Settings use_lvmetad=0 in /etc/lvm/lvm.conf and rebooting the system appears to have made the problem disappear. With this setting, I ran 200 iterations of the attached test script without error. I should be able to get my backups running again - thank you! Please let me know if I can gather any additional information that may shed light on what's going wrong with LVM auto-activation. I would be happy to continue triaging and gathering information to help solve the underlying issue so this workaround is no longer necessary.
Thanks for testing. Well, we need to fix how LVM autoactivation is done on MD RAID - we already have a similar bug reported - bug #985638 (though it might not seem to be similar at first sight). Just to be sure, please, send the output of lsblk command in addition so I can see the exact device layout. Thanks.
Created attachment 792178 [details] output of "lsblk -a" Hi Peter - you're very welcome, and thank you for the quick responses. I never would have identified that bug as being the same issue, though partly because I didn't associate the problem with RAID when I first experienced the issue. I've attached the output of "lsblk -a" - please let me know if there's any other data I can provide.

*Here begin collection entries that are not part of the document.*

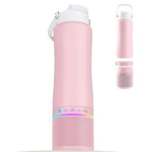 Water Bottle with Portable Bluetooth Speaker - Modular Insulated Water Bottles w/Handle, BT5.3, TWS Pairing Speaker and Stainless Steel Cups for Camping Sports Beach (Pink)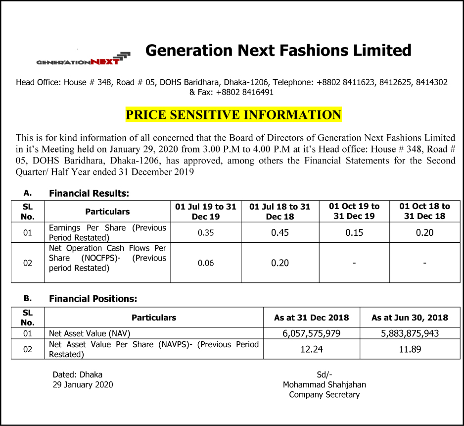 Homeপ্রাইস সেনসিটিভ ইনফরমেশনPrice Sensitive Information of Generation Next Fashions Ltd.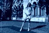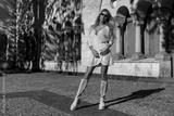 Elegant female model in silver sequin mini dress and fashionable boots posing in the city in summer sunlight. Summer urban fashion.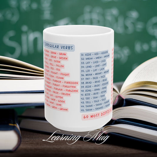 60 Most Difficult Irregular Verbs Learning Mug, (11oz, 15oz)

This patch should fix the issue reported: https://git.fedorahosted.org/cgit/lvm2.git/commit/?id=8d1d83504dcf9c86ad42d34d3bd0b201d7bab8f6 I'll try to add that in next F19 update.
(In reply to Peter Rajnoha from comment #6) > This patch should fix the issue reported: > > > https://git.fedorahosted.org/cgit/lvm2.git/commit/ > ?id=8d1d83504dcf9c86ad42d34d3bd0b201d7bab8f6 > > I'll try to add that in next F19 update. We also need a fix for bug #1014067 (dracut).
I really recommend using Fedora 20 which has the most recent bug fixes for lvmetad and accompanying autoactivation feature. It would be a bit complicated to backport all necessary patches back for F19 (there's a high risk of regressions to appear if the backport is not done correctly). Since we have a workaround for F19, I'm closing this bug with NEXTRELEASE. This problem should be completely fixed in F20.